Source data
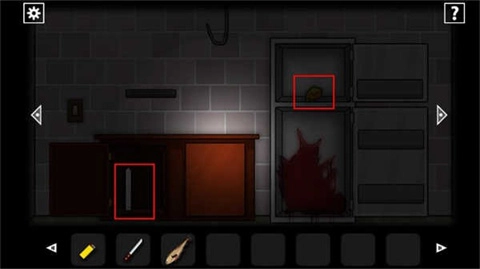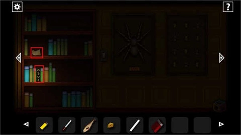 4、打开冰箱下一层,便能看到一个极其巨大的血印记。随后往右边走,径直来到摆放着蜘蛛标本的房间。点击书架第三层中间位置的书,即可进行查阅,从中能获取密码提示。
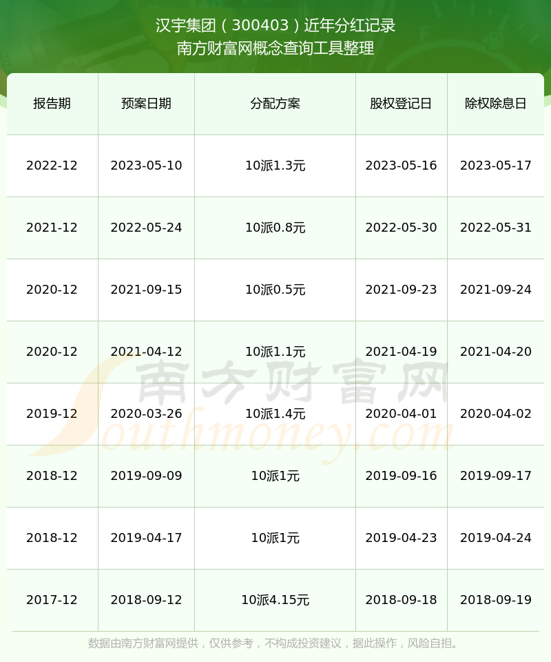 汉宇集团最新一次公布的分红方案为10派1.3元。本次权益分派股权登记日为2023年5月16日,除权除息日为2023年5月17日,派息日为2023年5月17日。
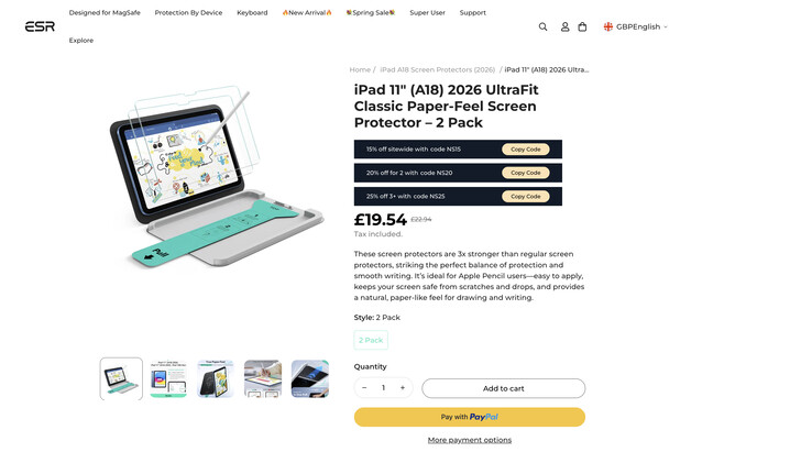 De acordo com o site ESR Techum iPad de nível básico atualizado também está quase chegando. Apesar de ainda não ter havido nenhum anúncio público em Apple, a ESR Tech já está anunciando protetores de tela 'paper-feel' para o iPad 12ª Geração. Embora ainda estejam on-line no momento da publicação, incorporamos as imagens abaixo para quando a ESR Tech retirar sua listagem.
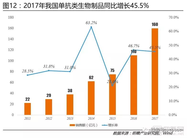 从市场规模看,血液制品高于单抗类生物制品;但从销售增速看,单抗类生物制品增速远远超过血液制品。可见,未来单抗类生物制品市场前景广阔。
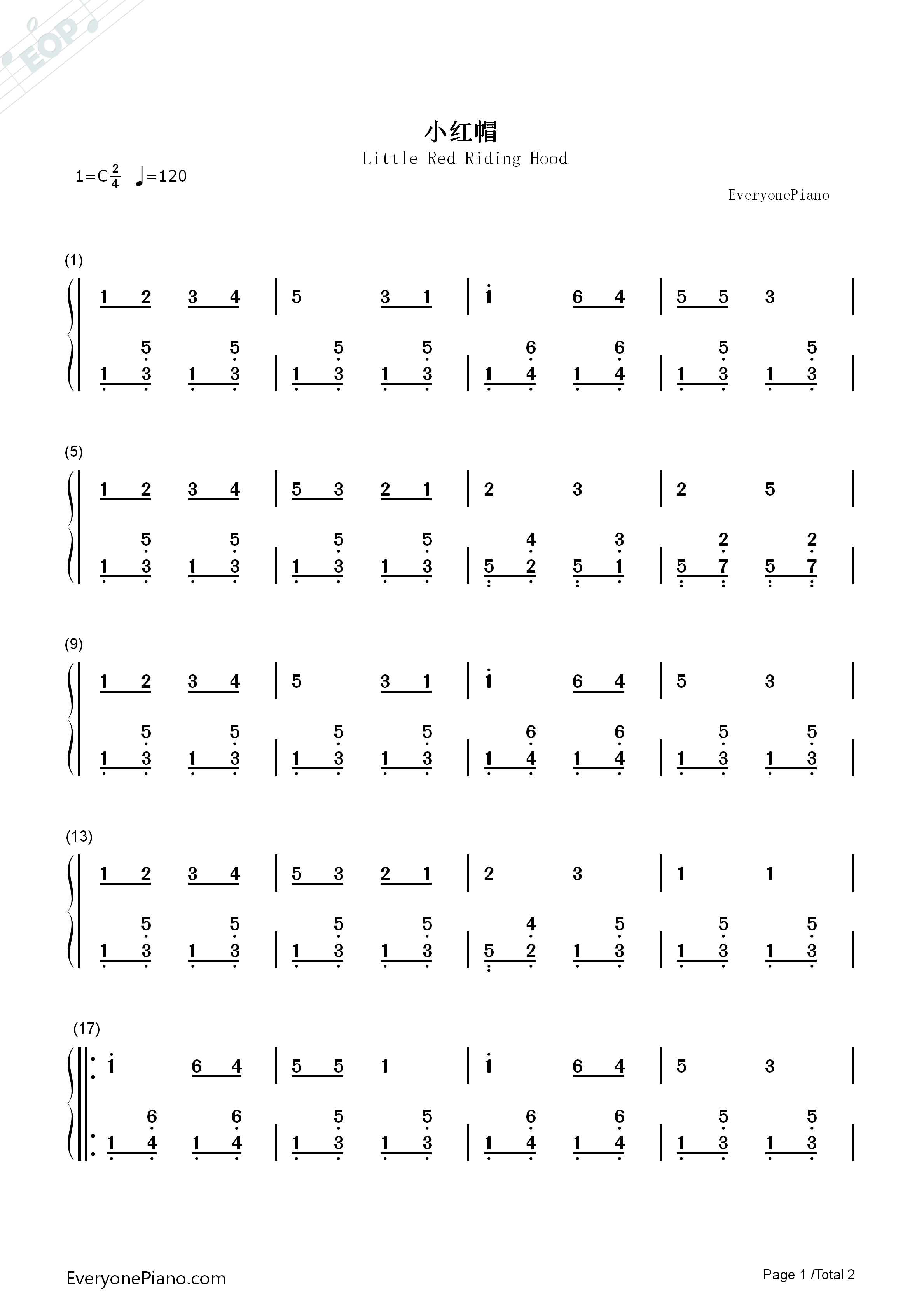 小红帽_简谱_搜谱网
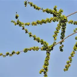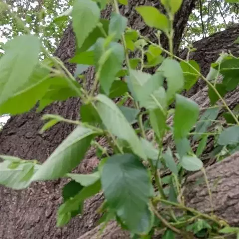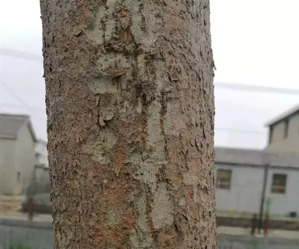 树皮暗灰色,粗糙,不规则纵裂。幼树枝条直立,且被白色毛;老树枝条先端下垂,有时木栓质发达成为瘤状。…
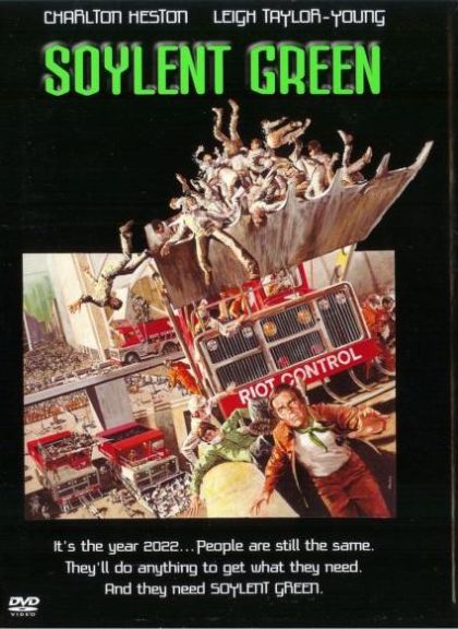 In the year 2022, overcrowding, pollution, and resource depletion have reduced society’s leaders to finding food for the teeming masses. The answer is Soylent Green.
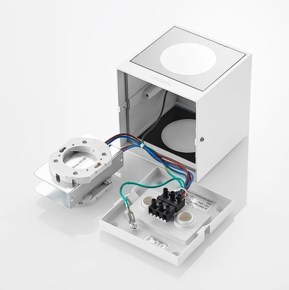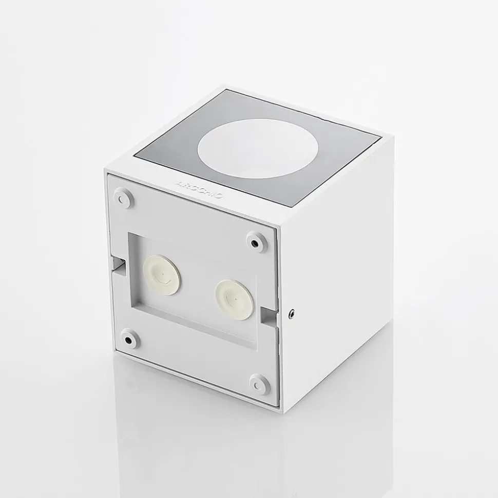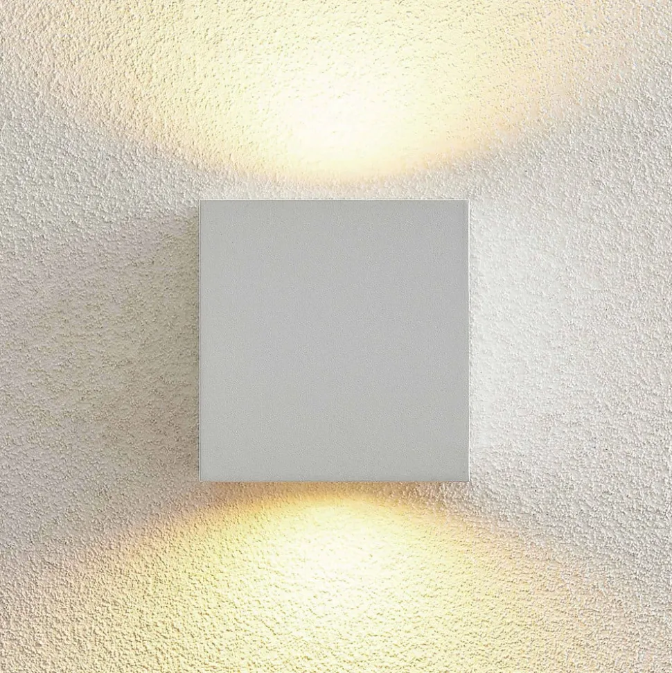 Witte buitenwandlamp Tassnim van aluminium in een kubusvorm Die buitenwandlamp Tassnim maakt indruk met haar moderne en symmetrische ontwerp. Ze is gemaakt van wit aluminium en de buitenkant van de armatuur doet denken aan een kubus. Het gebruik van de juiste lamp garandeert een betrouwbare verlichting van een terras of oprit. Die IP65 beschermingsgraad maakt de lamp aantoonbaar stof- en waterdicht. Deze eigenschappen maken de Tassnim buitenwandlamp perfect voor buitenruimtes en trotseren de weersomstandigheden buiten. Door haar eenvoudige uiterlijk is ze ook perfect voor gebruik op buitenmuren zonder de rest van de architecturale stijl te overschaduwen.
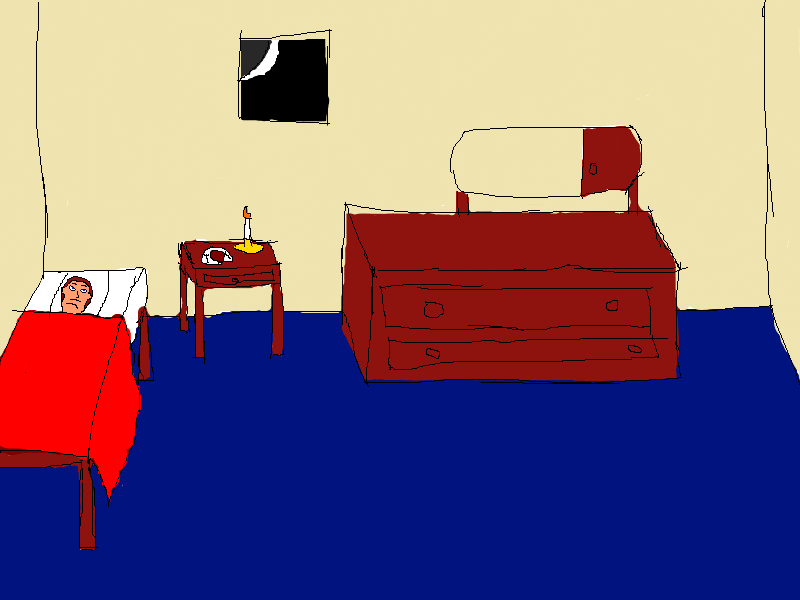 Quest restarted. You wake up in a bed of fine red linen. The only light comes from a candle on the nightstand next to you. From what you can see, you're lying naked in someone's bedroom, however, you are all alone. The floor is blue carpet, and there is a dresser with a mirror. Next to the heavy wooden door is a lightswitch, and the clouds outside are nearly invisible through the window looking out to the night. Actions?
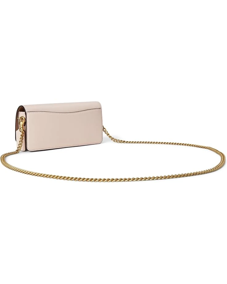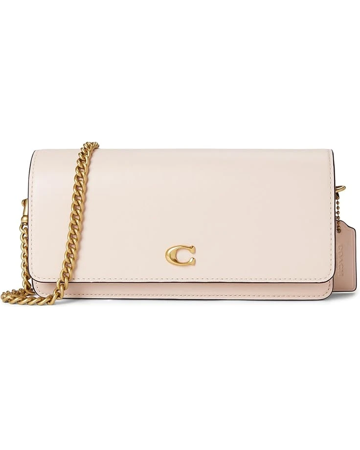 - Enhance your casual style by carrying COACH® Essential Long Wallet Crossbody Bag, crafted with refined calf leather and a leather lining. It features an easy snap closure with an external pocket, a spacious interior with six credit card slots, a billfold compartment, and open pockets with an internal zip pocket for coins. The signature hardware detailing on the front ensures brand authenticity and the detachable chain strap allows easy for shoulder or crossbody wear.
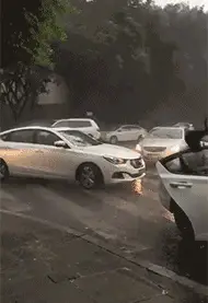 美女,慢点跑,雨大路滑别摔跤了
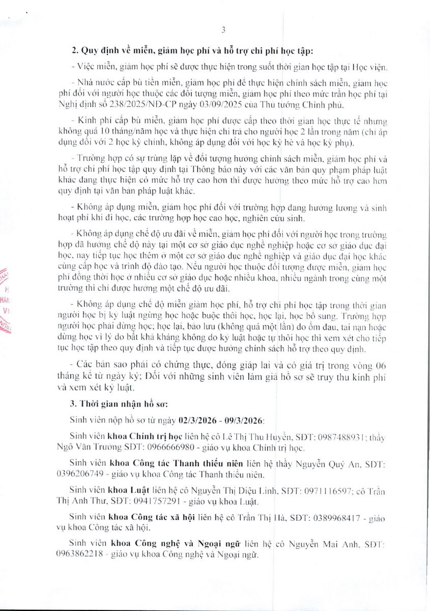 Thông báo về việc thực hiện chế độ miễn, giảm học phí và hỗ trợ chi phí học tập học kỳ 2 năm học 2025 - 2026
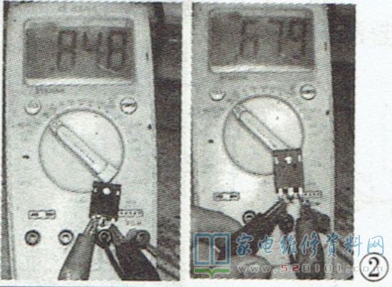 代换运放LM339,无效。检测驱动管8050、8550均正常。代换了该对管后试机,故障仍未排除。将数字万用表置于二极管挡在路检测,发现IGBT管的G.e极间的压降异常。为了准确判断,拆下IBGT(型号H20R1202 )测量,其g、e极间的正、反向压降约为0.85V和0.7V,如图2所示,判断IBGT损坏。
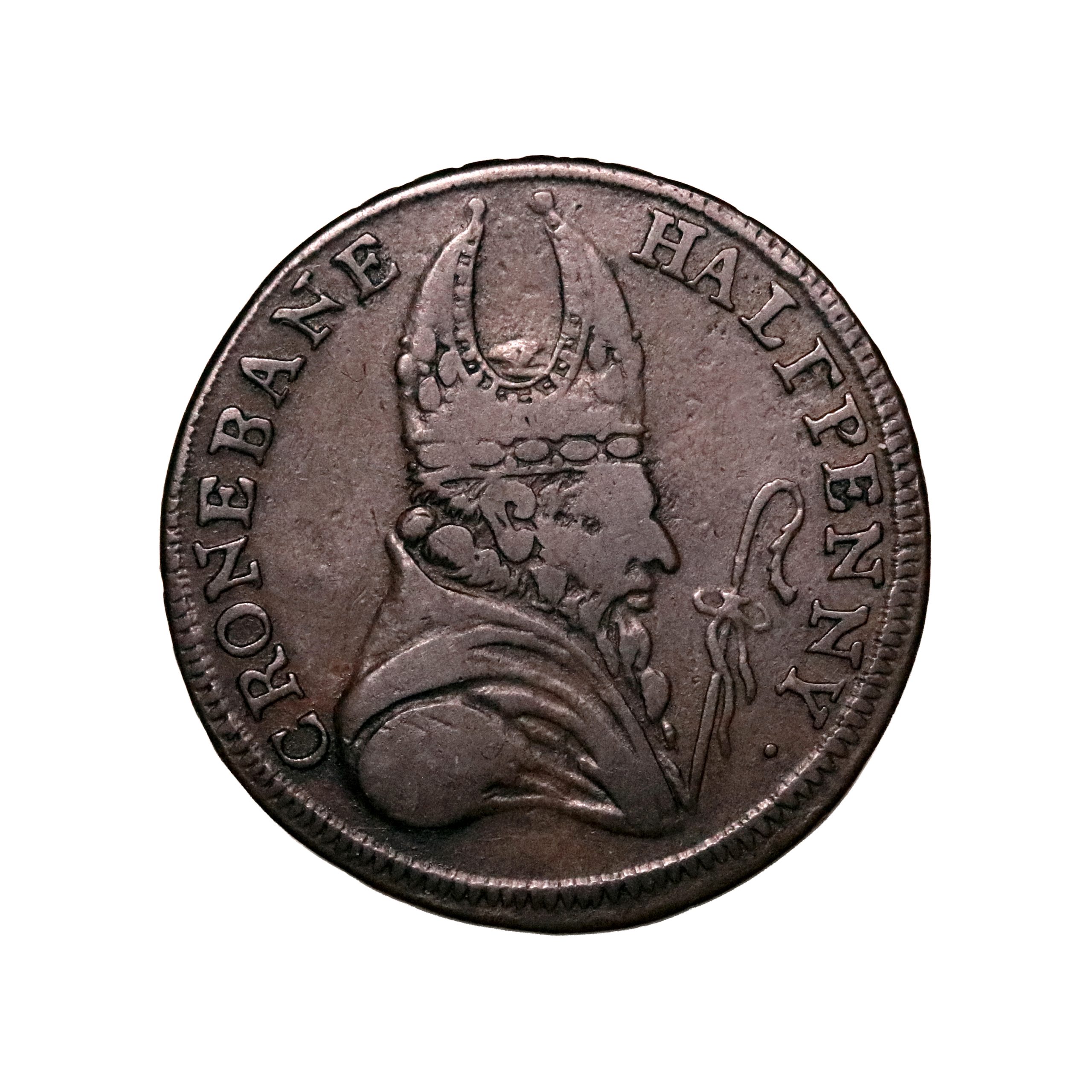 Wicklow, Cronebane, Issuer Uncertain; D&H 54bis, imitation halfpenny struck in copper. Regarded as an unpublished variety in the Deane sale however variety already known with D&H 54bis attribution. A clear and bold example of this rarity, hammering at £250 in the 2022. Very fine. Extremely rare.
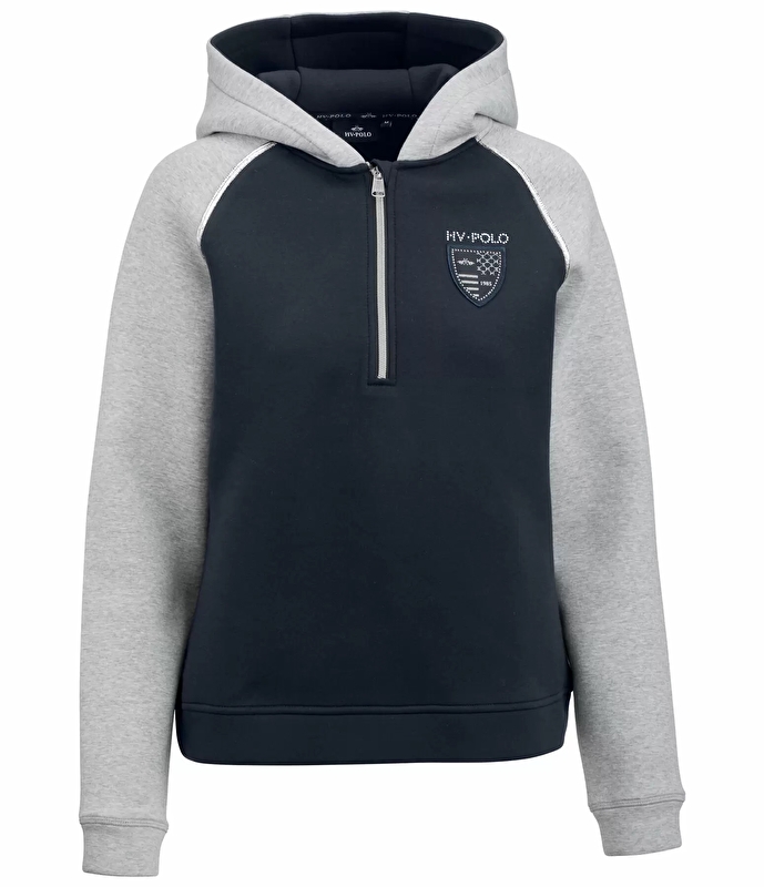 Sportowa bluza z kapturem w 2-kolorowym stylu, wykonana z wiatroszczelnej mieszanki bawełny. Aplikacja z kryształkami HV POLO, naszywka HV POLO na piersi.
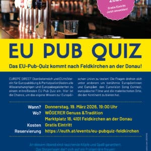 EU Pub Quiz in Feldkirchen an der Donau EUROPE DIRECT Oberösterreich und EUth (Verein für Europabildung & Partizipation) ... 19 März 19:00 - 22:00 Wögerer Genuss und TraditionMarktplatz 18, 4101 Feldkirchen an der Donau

• WHAT TO PRODUCE: Transcribe exactly the lines that run from the first line of the records above through the line with "Witte buitenwandlamp Tassnim", and include both of those lines; pictures stay out.

• SOLUTION FOR THIS PROBLEM:
 4、打开冰箱下一层,便能看到一个极其巨大的血印记。随后往右边走,径直来到摆放着蜘蛛标本的房间。点击书架第三层中间位置的书,即可进行查阅,从中能获取密码提示。
 汉宇集团最新一次公布的分红方案为10派1.3元。本次权益分派股权登记日为2023年5月16日,除权除息日为2023年5月17日,派息日为2023年5月17日。
 De acordo com o site ESR Techum iPad de nível básico atualizado também está quase chegando. Apesar de ainda não ter havido nenhum anúncio público em Apple, a ESR Tech já está anunciando protetores de tela 'paper-feel' para o iPad 12ª Geração. Embora ainda estejam on-line no momento da publicação, incorporamos as imagens abaixo para quando a ESR Tech retirar sua listagem.
 从市场规模看,血液制品高于单抗类生物制品;但从销售增速看,单抗类生物制品增速远远超过血液制品。可见,未来单抗类生物制品市场前景广阔。
 小红帽_简谱_搜谱网
 树皮暗灰色,粗糙,不规则纵裂。幼树枝条直立,且被白色毛;老树枝条先端下垂,有时木栓质发达成为瘤状。…
 In the year 2022, overcrowding, pollution, and resource depletion have reduced society’s leaders to finding food for the teeming masses. The answer is Soylent Green.
 Witte buitenwandlamp Tassnim van aluminium in een kubusvorm Die buitenwandlamp Tassnim maakt indruk met haar moderne en symmetrische ontwerp. Ze is gemaakt van wit aluminium en de buitenkant van de armatuur doet denken aan een kubus. Het gebruik van de juiste lamp garandeert een betrouwbare verlichting van een terras of oprit. Die IP65 beschermingsgraad maakt de lamp aantoonbaar stof- en waterdicht. Deze eigenschappen maken de Tassnim buitenwandlamp perfect voor buitenruimtes en trotseren de weersomstandigheden buiten. Door haar eenvoudige uiterlijk is ze ook perfect voor gebruik op buitenmuren zonder de rest van de architecturale stijl te overschaduwen.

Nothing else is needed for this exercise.